* _What is required_:
With the pictures left out, restate exactly the part below that opens with the line containing "This brand-new T2" and closes with the line containing "楽しみにしていた問題を出し合".

* _Source material_:
______

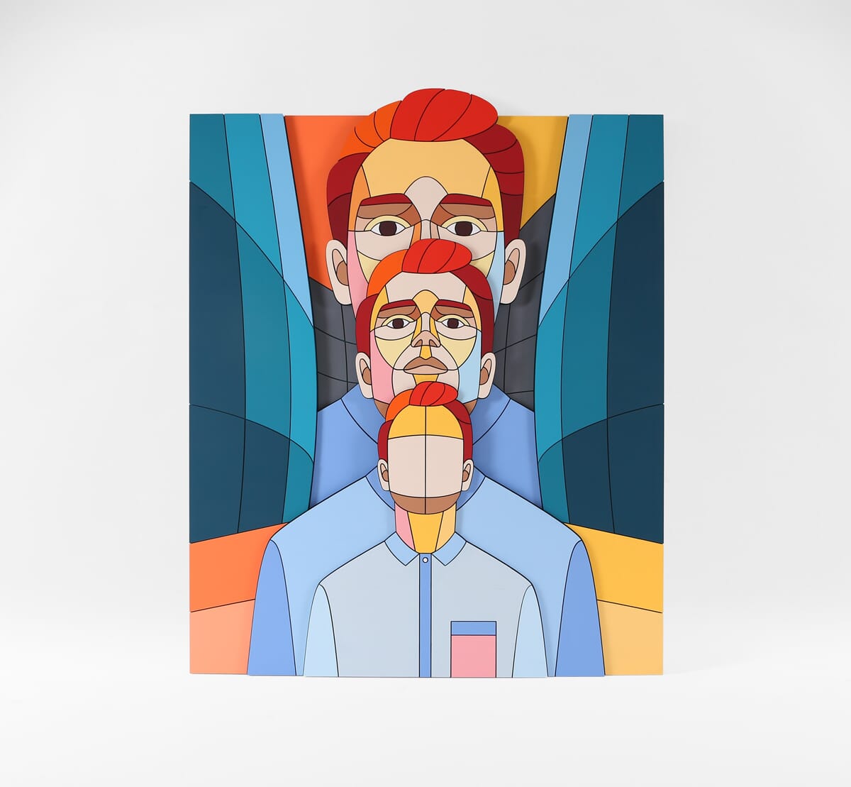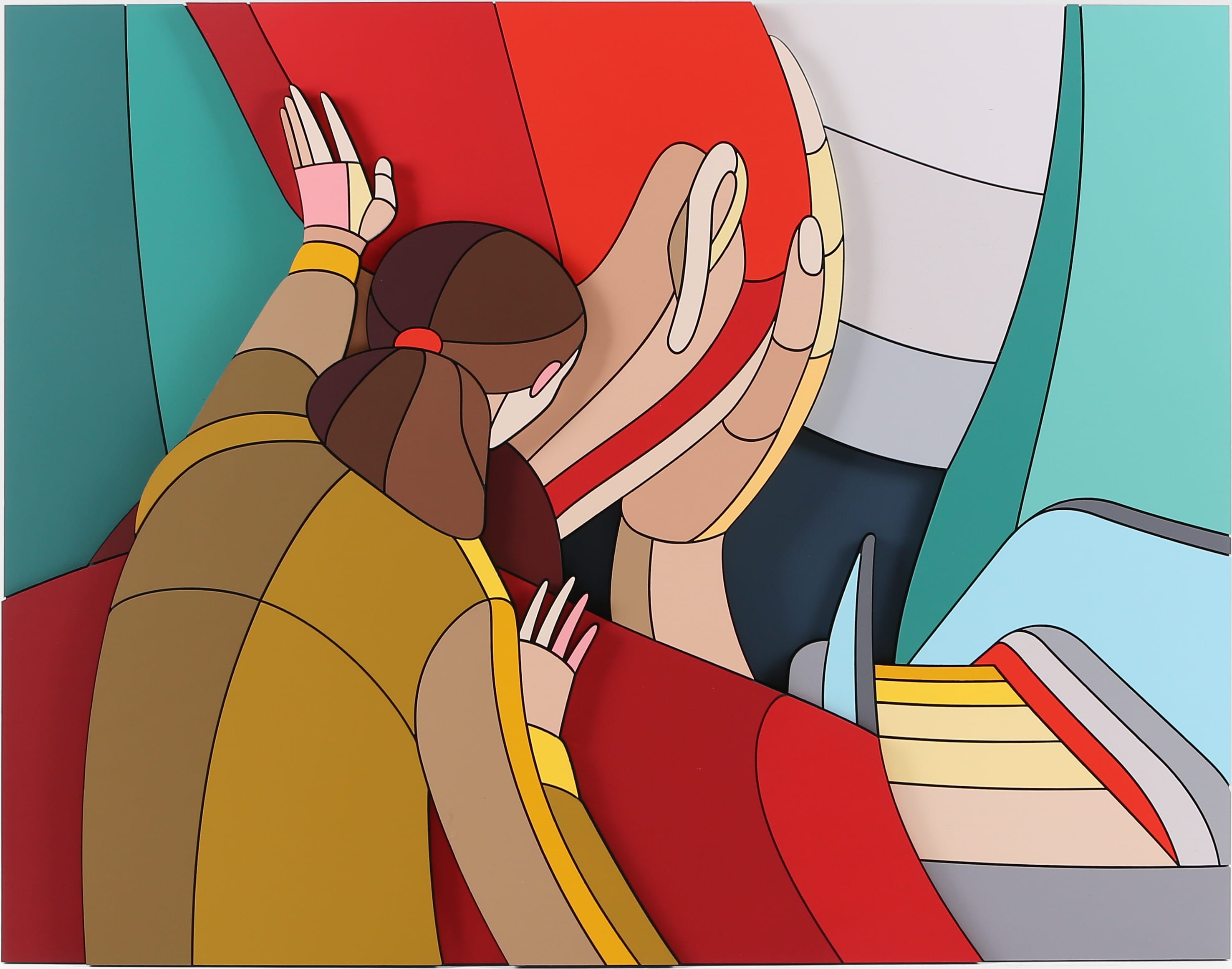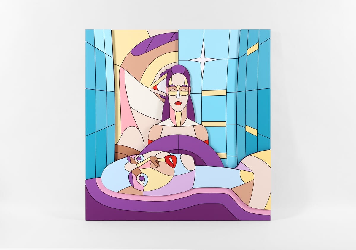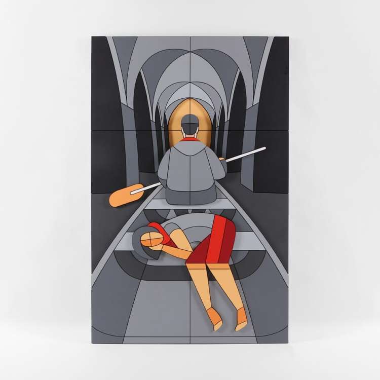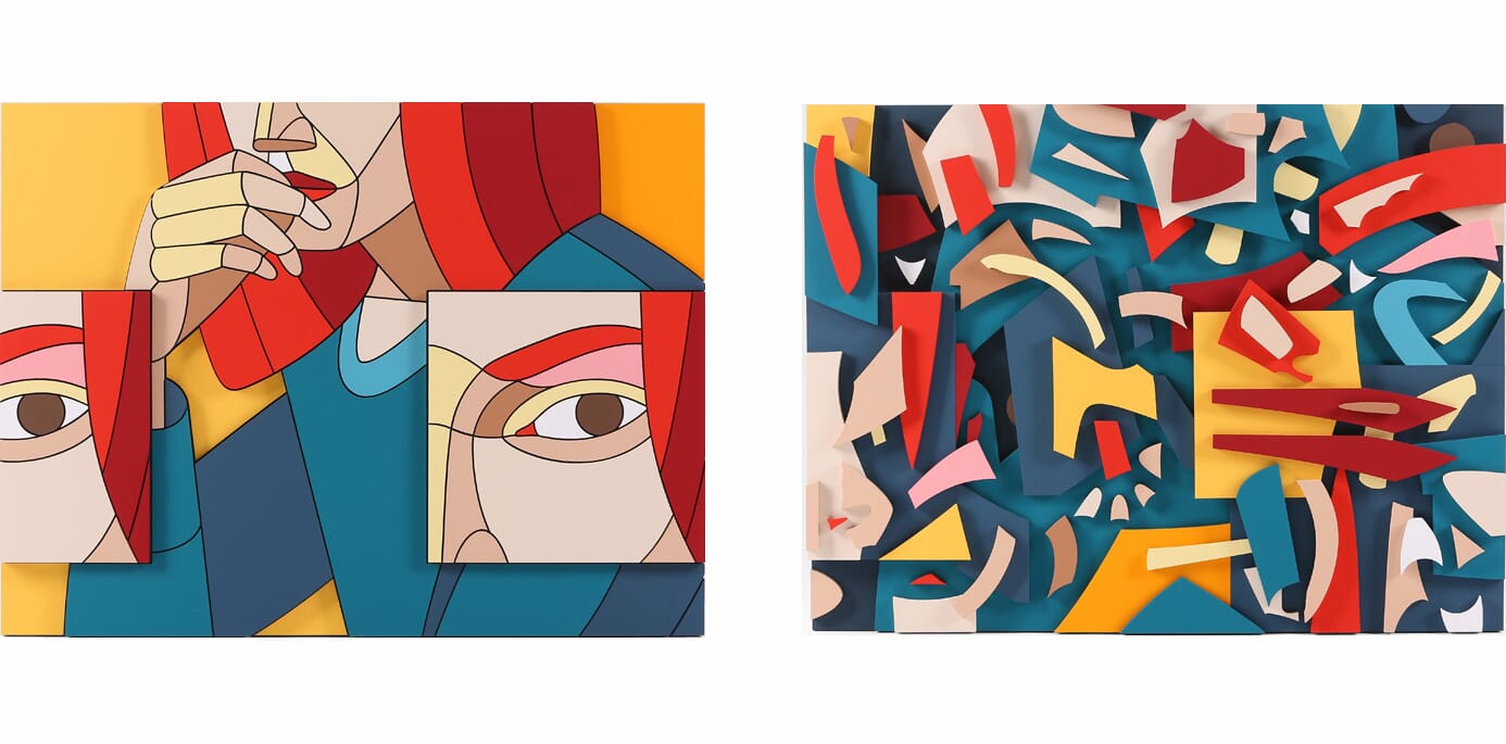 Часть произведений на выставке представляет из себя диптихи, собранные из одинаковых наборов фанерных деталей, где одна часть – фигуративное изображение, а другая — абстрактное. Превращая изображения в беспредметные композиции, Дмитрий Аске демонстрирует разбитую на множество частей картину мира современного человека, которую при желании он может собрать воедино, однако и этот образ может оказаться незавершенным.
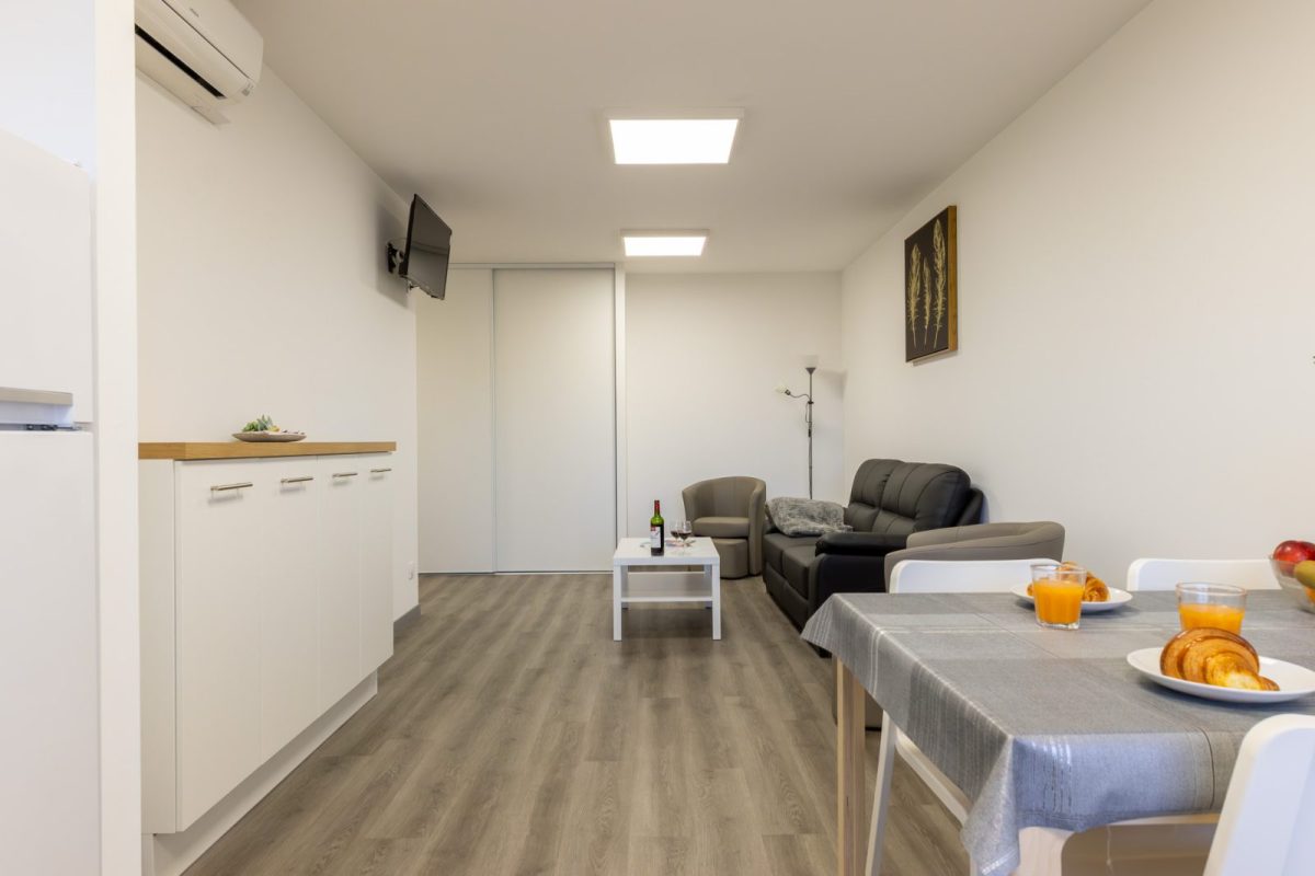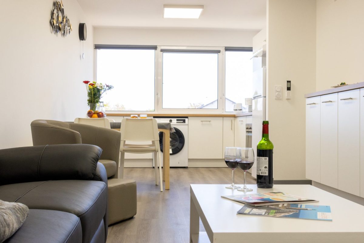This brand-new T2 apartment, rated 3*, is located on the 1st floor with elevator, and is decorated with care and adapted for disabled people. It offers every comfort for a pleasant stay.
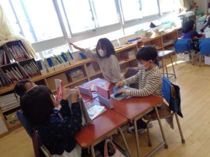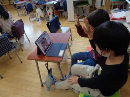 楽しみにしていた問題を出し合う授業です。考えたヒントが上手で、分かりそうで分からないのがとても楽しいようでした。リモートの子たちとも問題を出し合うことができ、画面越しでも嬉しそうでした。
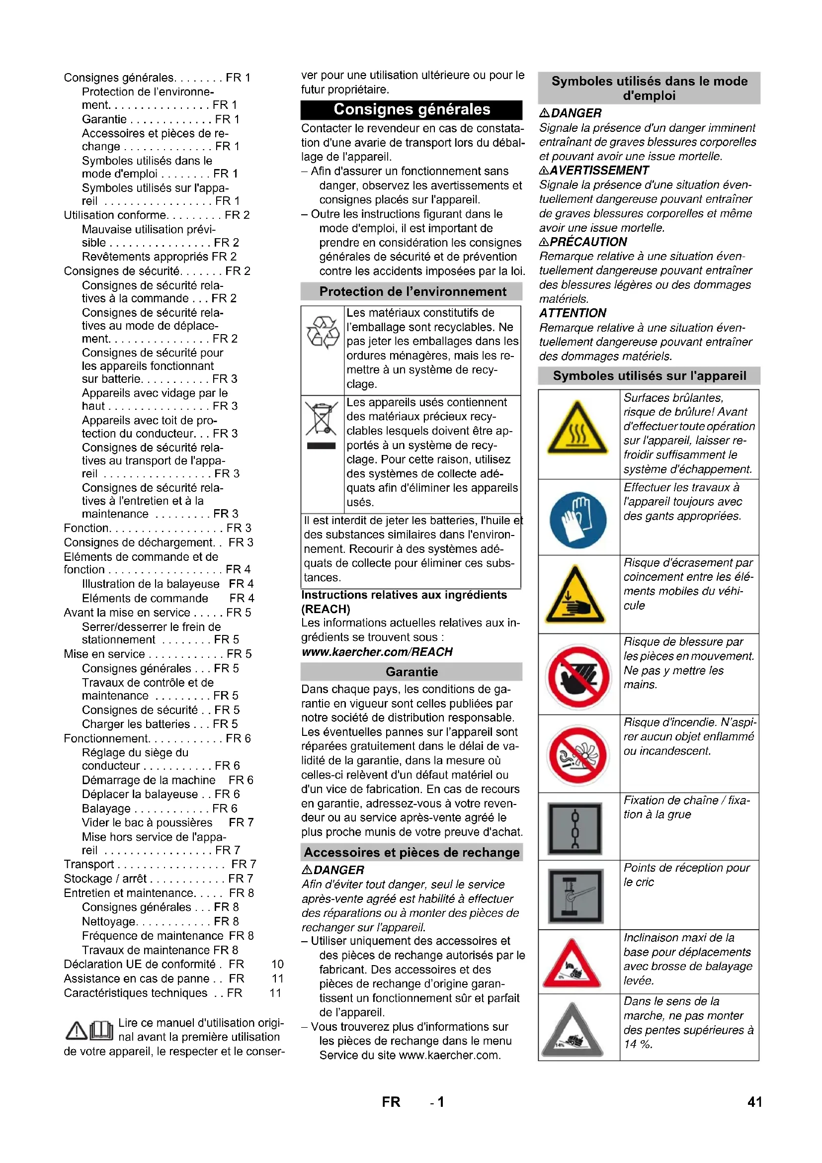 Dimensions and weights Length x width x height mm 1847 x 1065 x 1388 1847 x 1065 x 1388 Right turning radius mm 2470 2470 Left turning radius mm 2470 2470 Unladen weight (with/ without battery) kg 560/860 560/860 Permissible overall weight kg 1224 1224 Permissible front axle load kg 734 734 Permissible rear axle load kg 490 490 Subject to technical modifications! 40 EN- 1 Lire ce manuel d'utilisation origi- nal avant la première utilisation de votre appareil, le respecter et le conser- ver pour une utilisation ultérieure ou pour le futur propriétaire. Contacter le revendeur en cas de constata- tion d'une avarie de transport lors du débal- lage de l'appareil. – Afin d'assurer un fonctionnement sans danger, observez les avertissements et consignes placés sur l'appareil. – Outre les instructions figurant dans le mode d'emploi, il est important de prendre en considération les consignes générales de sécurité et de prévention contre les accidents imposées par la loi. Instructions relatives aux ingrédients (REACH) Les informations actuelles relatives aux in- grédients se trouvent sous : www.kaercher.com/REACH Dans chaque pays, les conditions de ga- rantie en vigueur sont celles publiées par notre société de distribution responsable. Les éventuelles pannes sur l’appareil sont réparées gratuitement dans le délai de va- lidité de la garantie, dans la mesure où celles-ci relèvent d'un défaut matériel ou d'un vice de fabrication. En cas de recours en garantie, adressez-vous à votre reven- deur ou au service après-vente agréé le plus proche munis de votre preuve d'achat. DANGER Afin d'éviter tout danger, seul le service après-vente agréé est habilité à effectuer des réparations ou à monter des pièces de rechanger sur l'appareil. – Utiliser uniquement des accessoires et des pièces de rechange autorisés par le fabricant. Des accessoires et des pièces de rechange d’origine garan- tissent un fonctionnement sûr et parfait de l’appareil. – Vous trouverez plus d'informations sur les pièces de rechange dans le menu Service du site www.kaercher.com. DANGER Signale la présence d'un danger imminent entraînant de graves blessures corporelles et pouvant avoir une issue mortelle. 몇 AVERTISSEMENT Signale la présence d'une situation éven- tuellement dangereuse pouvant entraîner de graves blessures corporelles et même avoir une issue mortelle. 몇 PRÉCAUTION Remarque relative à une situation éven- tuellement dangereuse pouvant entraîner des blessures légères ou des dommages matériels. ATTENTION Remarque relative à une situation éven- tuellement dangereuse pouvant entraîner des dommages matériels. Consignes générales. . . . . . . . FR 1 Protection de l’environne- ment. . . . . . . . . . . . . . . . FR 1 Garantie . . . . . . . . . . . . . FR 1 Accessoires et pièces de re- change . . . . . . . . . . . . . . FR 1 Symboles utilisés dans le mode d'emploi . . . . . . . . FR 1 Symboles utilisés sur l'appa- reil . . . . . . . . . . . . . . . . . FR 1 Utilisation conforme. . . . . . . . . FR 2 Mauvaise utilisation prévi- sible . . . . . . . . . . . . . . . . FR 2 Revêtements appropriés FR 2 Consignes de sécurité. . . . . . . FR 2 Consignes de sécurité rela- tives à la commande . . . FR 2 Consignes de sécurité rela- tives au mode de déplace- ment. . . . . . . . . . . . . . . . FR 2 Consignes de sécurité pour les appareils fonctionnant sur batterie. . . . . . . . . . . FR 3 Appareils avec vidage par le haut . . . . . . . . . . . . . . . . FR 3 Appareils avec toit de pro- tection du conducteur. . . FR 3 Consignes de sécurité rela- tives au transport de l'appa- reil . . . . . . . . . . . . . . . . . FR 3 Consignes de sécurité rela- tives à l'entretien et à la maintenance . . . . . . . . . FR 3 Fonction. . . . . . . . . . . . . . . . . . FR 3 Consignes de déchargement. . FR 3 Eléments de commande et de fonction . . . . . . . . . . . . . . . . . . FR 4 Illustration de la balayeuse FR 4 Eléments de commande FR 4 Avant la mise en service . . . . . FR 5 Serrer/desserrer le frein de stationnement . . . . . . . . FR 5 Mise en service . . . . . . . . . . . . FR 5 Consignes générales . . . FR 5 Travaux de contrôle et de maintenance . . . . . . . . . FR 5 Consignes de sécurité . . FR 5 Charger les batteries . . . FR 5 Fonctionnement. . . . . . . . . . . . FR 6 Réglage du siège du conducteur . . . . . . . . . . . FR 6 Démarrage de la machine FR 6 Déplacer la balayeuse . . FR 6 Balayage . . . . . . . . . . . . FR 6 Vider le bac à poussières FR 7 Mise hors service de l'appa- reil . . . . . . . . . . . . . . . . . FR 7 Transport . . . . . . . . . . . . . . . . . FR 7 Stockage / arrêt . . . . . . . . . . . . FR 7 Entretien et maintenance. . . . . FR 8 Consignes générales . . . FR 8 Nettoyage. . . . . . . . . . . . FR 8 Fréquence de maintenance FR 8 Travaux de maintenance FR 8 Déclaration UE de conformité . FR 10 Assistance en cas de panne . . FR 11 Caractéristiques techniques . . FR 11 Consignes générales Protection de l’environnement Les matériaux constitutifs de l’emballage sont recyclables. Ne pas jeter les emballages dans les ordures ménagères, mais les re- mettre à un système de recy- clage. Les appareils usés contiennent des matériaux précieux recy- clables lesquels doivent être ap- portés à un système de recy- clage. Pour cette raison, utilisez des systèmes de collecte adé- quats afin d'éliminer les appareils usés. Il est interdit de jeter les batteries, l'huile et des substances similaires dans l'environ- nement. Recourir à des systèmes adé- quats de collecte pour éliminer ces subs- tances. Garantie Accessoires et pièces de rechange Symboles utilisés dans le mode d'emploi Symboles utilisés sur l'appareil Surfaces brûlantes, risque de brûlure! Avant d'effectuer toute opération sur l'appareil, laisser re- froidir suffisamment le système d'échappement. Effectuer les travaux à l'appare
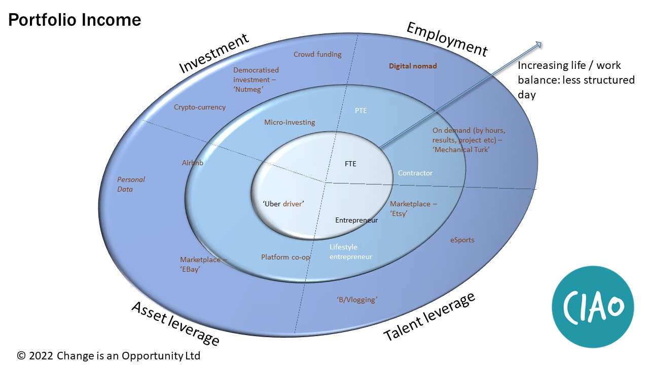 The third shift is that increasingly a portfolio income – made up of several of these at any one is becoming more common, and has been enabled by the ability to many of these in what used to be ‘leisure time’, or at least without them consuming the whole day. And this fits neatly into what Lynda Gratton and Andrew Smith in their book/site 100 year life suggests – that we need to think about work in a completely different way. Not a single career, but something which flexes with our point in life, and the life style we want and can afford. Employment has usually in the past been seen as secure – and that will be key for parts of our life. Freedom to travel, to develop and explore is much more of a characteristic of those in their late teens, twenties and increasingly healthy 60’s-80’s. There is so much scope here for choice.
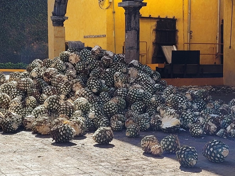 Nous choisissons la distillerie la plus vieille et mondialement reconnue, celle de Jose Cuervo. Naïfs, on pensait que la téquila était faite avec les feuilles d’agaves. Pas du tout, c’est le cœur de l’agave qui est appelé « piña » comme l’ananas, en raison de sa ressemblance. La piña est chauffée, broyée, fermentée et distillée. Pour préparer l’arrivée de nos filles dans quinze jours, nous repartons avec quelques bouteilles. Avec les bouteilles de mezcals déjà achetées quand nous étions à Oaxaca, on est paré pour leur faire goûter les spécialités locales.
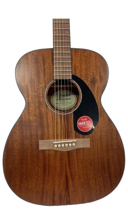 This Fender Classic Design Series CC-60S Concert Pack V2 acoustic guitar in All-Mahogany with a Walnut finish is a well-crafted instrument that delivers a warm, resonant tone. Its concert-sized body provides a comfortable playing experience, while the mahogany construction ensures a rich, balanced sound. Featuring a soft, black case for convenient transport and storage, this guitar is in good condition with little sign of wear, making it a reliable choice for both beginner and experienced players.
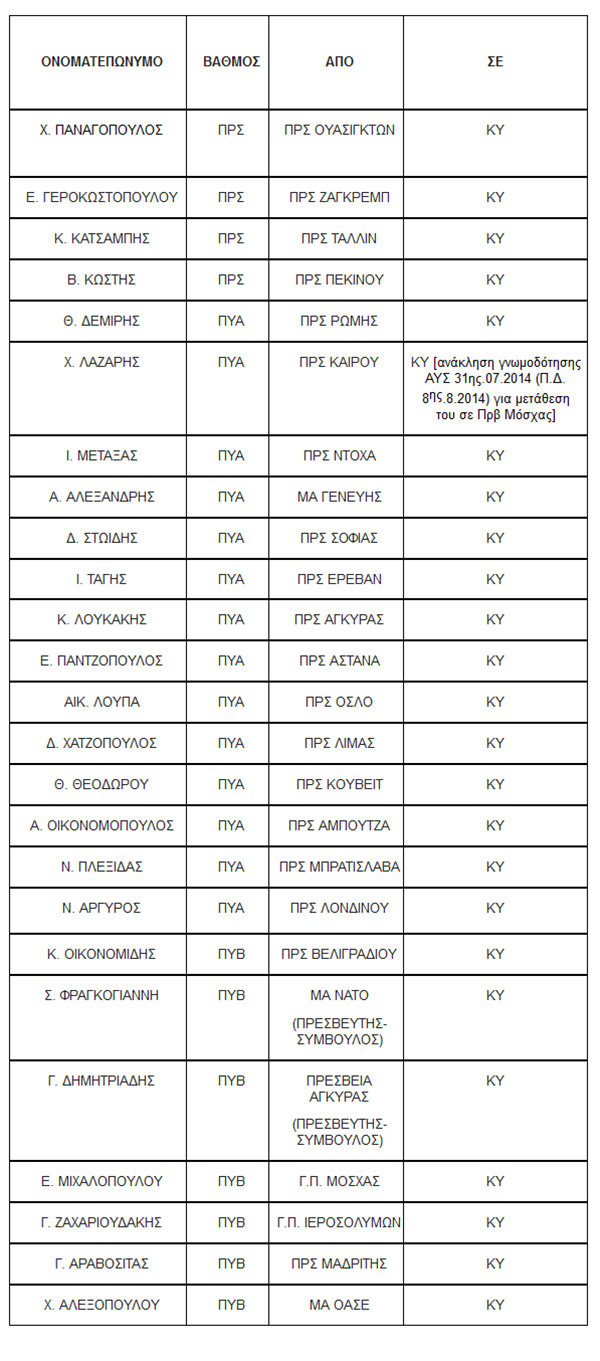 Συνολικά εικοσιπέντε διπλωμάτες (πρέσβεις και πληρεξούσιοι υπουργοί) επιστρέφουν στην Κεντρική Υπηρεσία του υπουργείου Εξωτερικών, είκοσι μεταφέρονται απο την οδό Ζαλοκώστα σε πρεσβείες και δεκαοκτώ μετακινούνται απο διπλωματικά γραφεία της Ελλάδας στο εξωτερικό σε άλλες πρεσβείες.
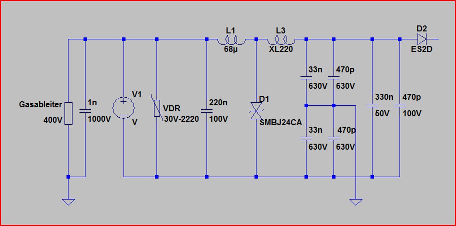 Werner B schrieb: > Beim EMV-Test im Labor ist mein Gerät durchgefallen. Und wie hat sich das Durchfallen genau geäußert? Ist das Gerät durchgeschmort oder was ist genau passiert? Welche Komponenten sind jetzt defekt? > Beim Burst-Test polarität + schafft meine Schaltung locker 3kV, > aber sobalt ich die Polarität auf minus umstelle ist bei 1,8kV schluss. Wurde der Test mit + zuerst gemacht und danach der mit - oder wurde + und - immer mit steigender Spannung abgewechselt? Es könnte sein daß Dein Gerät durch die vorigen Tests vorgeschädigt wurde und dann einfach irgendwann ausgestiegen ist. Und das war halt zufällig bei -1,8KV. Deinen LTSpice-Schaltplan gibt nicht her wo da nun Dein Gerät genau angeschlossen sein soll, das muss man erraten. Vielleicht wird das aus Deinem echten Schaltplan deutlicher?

______

* _Written solution_:
This brand-new T2 apartment, rated 3*, is located on the 1st floor with elevator, and is decorated with care and adapted for disabled people. It offers every comfort for a pleasant stay.
 楽しみにしていた問題を出し合う授業です。考えたヒントが上手で、分かりそうで分からないのがとても楽しいようでした。リモートの子たちとも問題を出し合うことができ、画面越しでも嬉しそうでした。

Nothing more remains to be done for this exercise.